# What type of floor in goat barn?



## goatgang (Jun 19, 2005)

First let me thank everyone for all the advice. I have been reading for months. I had some difficulty posting recently

We got our first goats in May - 2 pygmy kids- a doe & wether. ( wether finally became a wether - the banding was on for 5 1/2 weeks! horrible, never again. ). We are still working on the goat barn . We are in Michigan so need to finish before the weather turns cold again. The goat barn used to be a block piggery. Tore off the old roof, worked on the blocks, now we are working on the floor. My husband is trying to build a Taj Mahal floor. The old floor was cement and some dirt ( old groundhog problem). He has laid tar paper, heavy black plastic, a beam framework, and marine plywood for decking. It is beautiful platform - but what do I put on the plywood? Paint or polyurethane ? The goats have a smooth , raised , level floor , but what do I do to protect it?


Thanks to everyone
Chris

P.S
We will be looking for another pygmy goat kid next spring. Prefer a doe , needs to be born after January 1, 2006 ( 4 H project - showmanship).


----------



## james dilley (Mar 21, 2004)

With A wooden floor I hope you love RATS because thats what you will get. A concrete floor, With A footer below the frost line is A must. If the footer is not at least 24" Rats can dig under..


----------



## Cat (Jun 19, 2004)

Why not have a dirt floor?


----------



## Caprice Acres (Mar 6, 2005)

wood floor will also rot out quickly. We have wooden floor in our shed, but we covered ours with the epoxy garage floor covering, and it works great
sorry your wether had to go through that, but it usually doesnt take that long, and is pretty much painless after a short while. it was either this or cutting him open! hope this doesnt mean that youre not going to fix male pet goats anymore.....
anyways good luck with them!!
~Dona


----------



## goatgang (Jun 19, 2005)

A dirt floor would have been okay. I would have to remove the old cement floor. The floor is mostly intact - just not level due to settling & old ground hog problem. Demolition of the floor would probably be another set of issues. 
Thank you for the suggestion of the epoxy floor covering. 

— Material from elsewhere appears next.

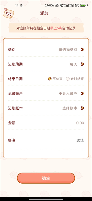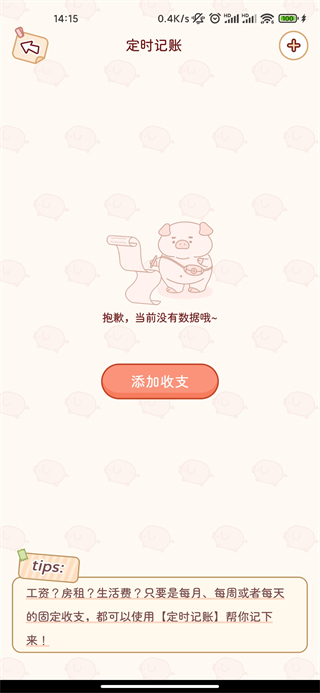 Tips:工资?房租?生活费?只要是每月、每周或者每天的固定收支,都可以使用 [定时记账] 帮你记下!
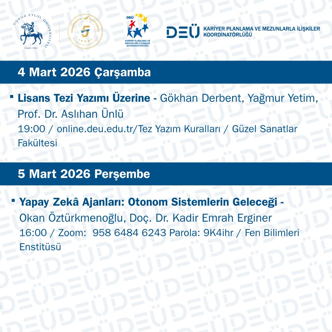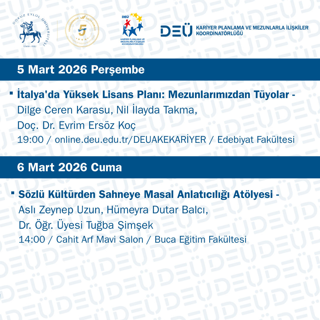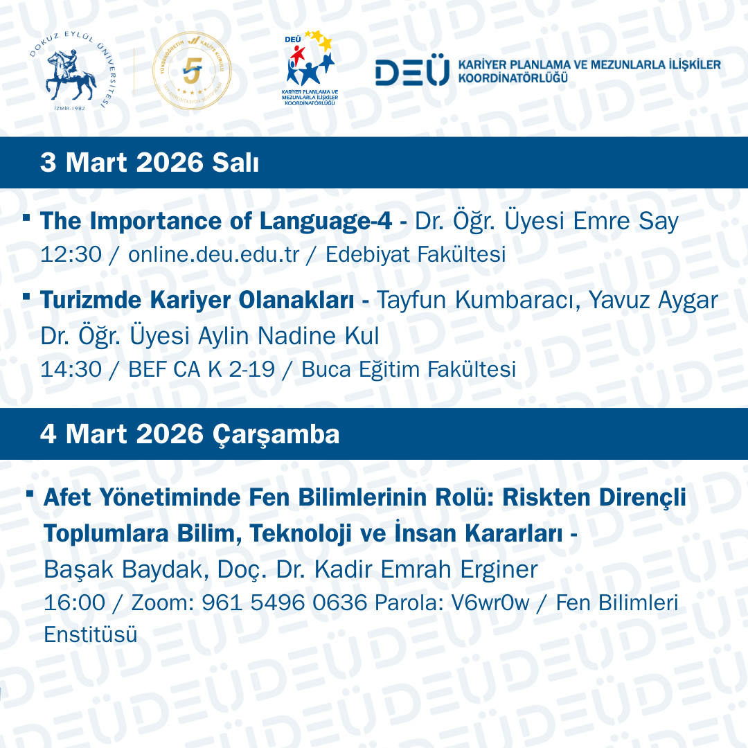 2 – 6 Mart DEÜ Kariyer ve Mezun Komisyonu Etkinlikleri

I would still fix a male pet goat. I was a total novice - my receipt said he was fixed. Didn't realize the seller had put a rubber band on him the day before I brought him home. (We had originally planned to purchase 2 does. ) 


Chris


----------



## caberjim (Feb 19, 2004)

I put a wood floor in ours. Dirt turned to mud way too quickly due to rain and a high water table. Concrete was cost-prohibitive. I had 800 feet of old fence boards, so that has become the floor. The goats seem to prefer the wood to the dirt. I sweep it out every morning and scrape it weekely to make sure there is no poop buildup. Epoxy sounds like a very good idea. I will have to look into that.


----------



## Caprice Acres (Mar 6, 2005)

if you breed your does, and kids are born in spring or any chilly months, then concrete floors are a bad idea. if a kid is born on cold concrete it will chill and die. if your doe goes into labor in the morning when you go to work, you will have a very sad site awaiting you when you get home. 
epoxy works great. try to get the edges well, too. the price of the epoxy is worth the work of replacing the wood flooring in two years or so. it also keeps the goats from chewing on the floor, because now it doesnt smell edible! alot easier to clean, too, a nice smooth surface. you need to put two coats, however, on wood, because wood is more porous than cement and a lot of the first coat will soak in to the wood.


----------



## TnChickenFarmer (Oct 9, 2005)

for over a hundred years..dirt works great :goodjob:


----------